Helmet Impact Performance Proven to Hold Up for Decades


Summary: There are reasons to replace your helmet, but simple age is not one of them. Extensive testing of used (but not crashed) bicycle helmets shows that EPS foam liners retain their performance over many years.

MEA Forensic announced at a May 2015 ASTM F08.53 technical meeting the results of their testing of 675 bicycle helmets, some as old as 26 years. "There is no justification for two to ten year replacement recommendations based on impact performance," said MEA's Alyssa DeMarco.

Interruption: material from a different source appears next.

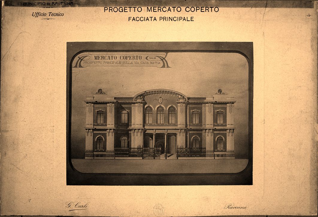 Progetto Mercato Coperto : prospetto principale sulla via Casa Matha Municipio di Ravenna : Ufficio tecnico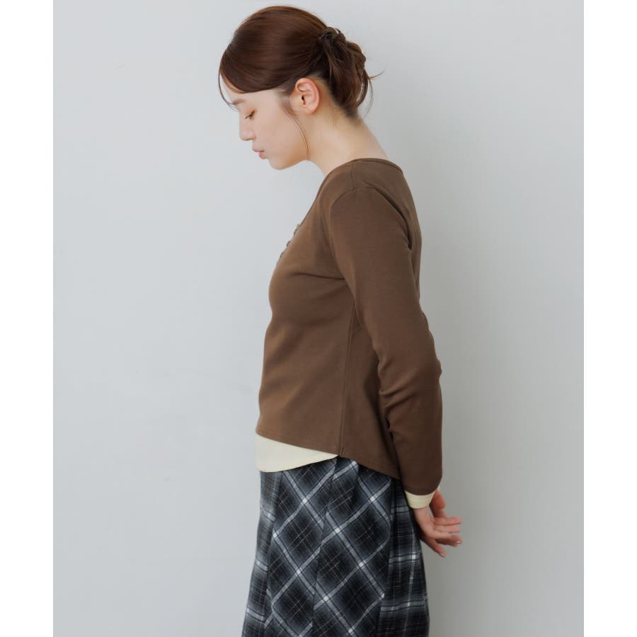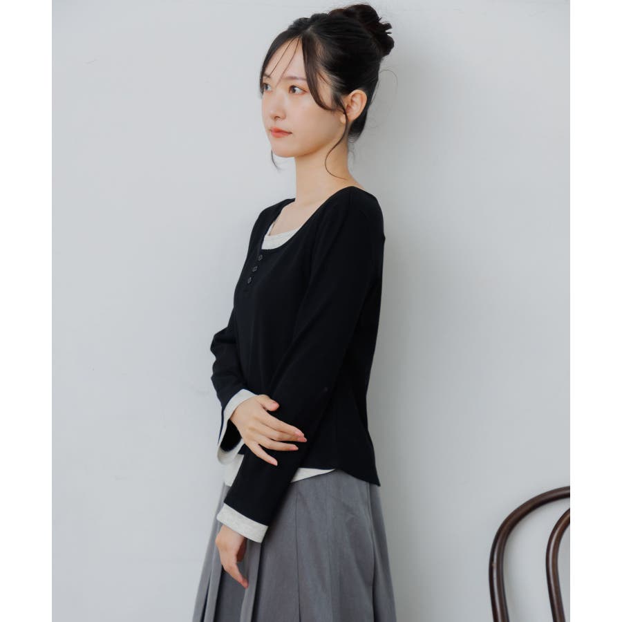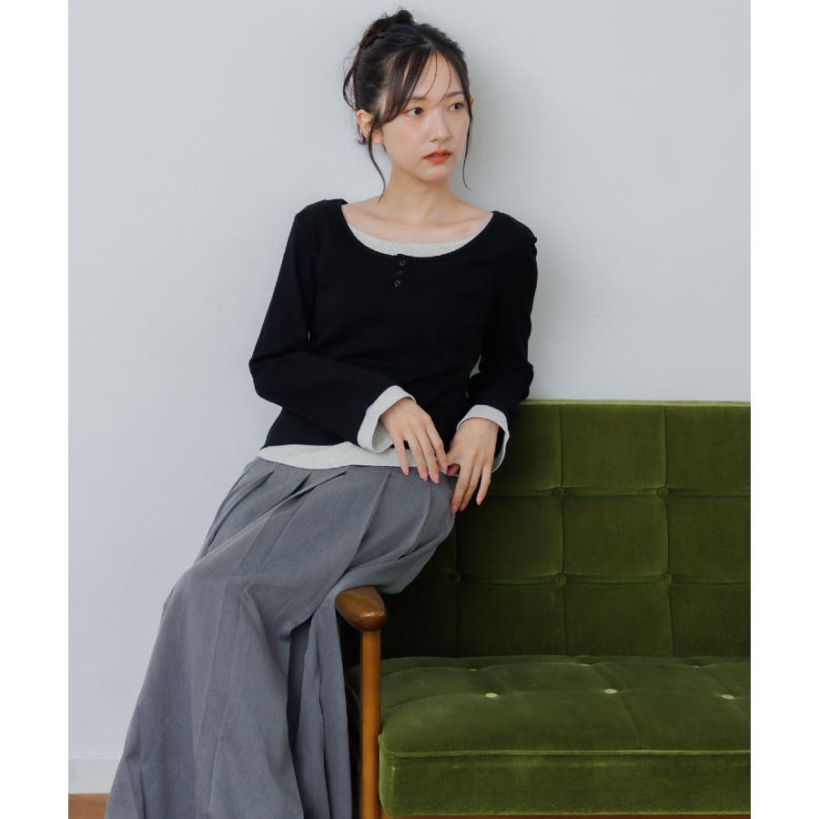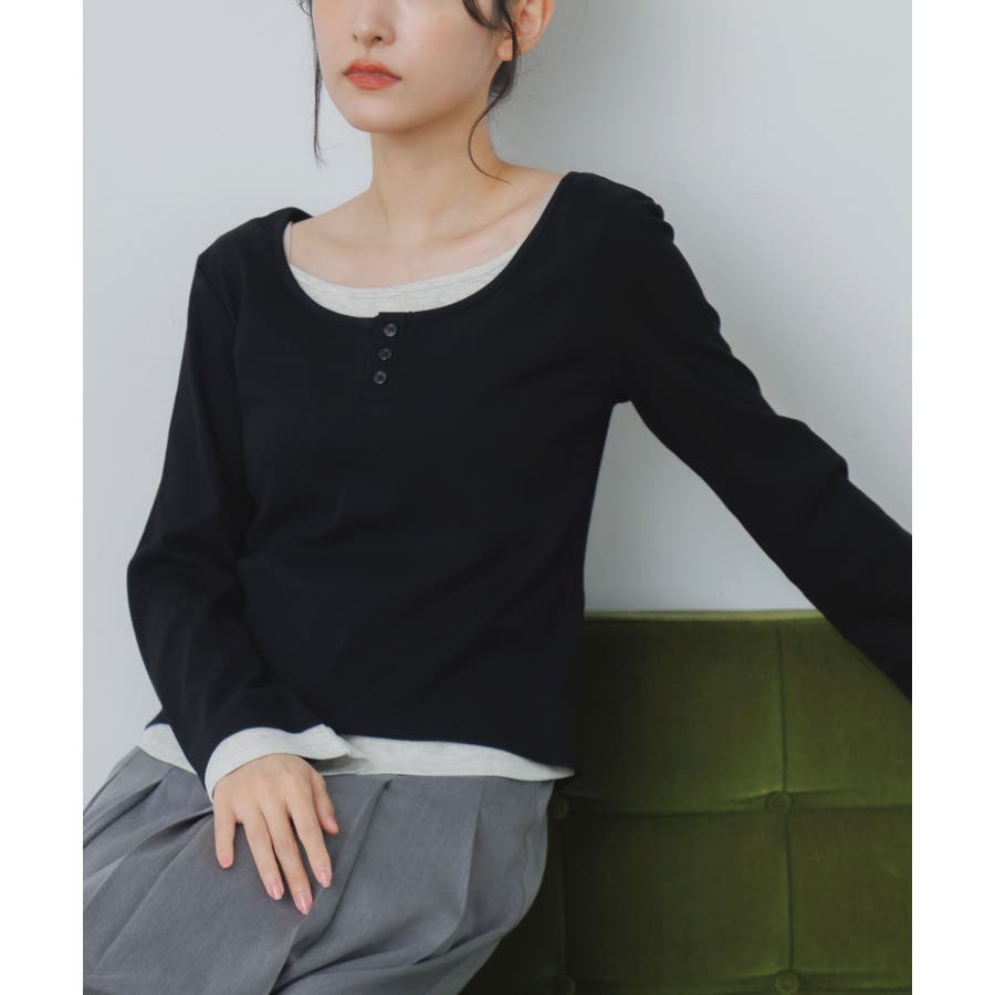 <フェイクレイヤードデザインのテレコカットソー>▼デザインレイヤード見えするデザインが可愛いカットソーアイテム。袖口や首回り、裾にバイカラーのインナーがアクセントに!胸元はヘンリーネックになっているのも大人っぽさアップ。袖口はふんわり広がったフレアスリーブになっていて、シルエットも可愛い♪▼コーディネート秋口は1枚で気温とマッチするスタイリングに。トップスがシンプルなので、ボトムに柄やデザインを取り入れても可愛いです◎-----------------------------生地感:普通伸縮性:あり透け感:なし裏地:なし------------------------------▼ブランド紹介RETRO GIRL (レトロガール)自分らしい“ベーシックアイテム”と新しい自分の”トレンドアイテム”が見つかる場所今らしいファッションを楽しむ女性のためのブランド#レイヤード #テレコカットソー #レイヤード見え #ヘンリーネック #大人コーデ #秋コーデ▼注意事項※撮影環境やモニター環境によって実際の商品とお色味が多少異なってみえる場合がございます。品番:RF580011T002 / 品名:レイヤード風テレコCT

MEA and collaborator Collision Analysis collected 1,500 used helmets from consumers and eliminated any that showed damage or did not have date of manufacture stickers. The helmets studied had dates that ranged from 1987 to 2013. They crash tested them at 3 m/s (a drop of 1.5 ft.) and 6.2 m/s (a drop of 2 meters--the CPSC standard drop) on a flat anvil in the dry ambient condition. There were only four that exceeded the 300g maximum threshold: three of the oldest models made to meet only the old ANSI standard, and one newer model that had been recalled. So 671 of the helmets passed the current CPSC impact performance standard.

MEA's analysis showed that there was no significant impact performance change with age. Their 26 year data including all 675 helmets tested produced only a 0.7g per year increase in impact readings at the higher drop height. On average, road helmet models produced results 40g lower than skate-style models, and extra-small helmets were 21g lower than large helmets. Lower g's registered in the headform means less shock passed through to the head, but since they are averages they may not apply for a particular helmet model.

After crash testing the helmets on a standard test rig, MEA took core samples from an uncrashed area of 63 of the helmets and tested them at the equivalent of a 6.2 m/s helmet impact. This generated data based solely on the foam performance. They collected stress and strain data related to aging of the foam. Again, the findings indicate that helmet liner foam does not deteriorate with age.

In 2016 MEA published this study in a peer-reviewed journal, the Journal of Biomechanical Engineering. The abstract is free, but the article costs $25. Similar data was published in 2017 in the Annals of Biomedical Engineering, with a cost of $40.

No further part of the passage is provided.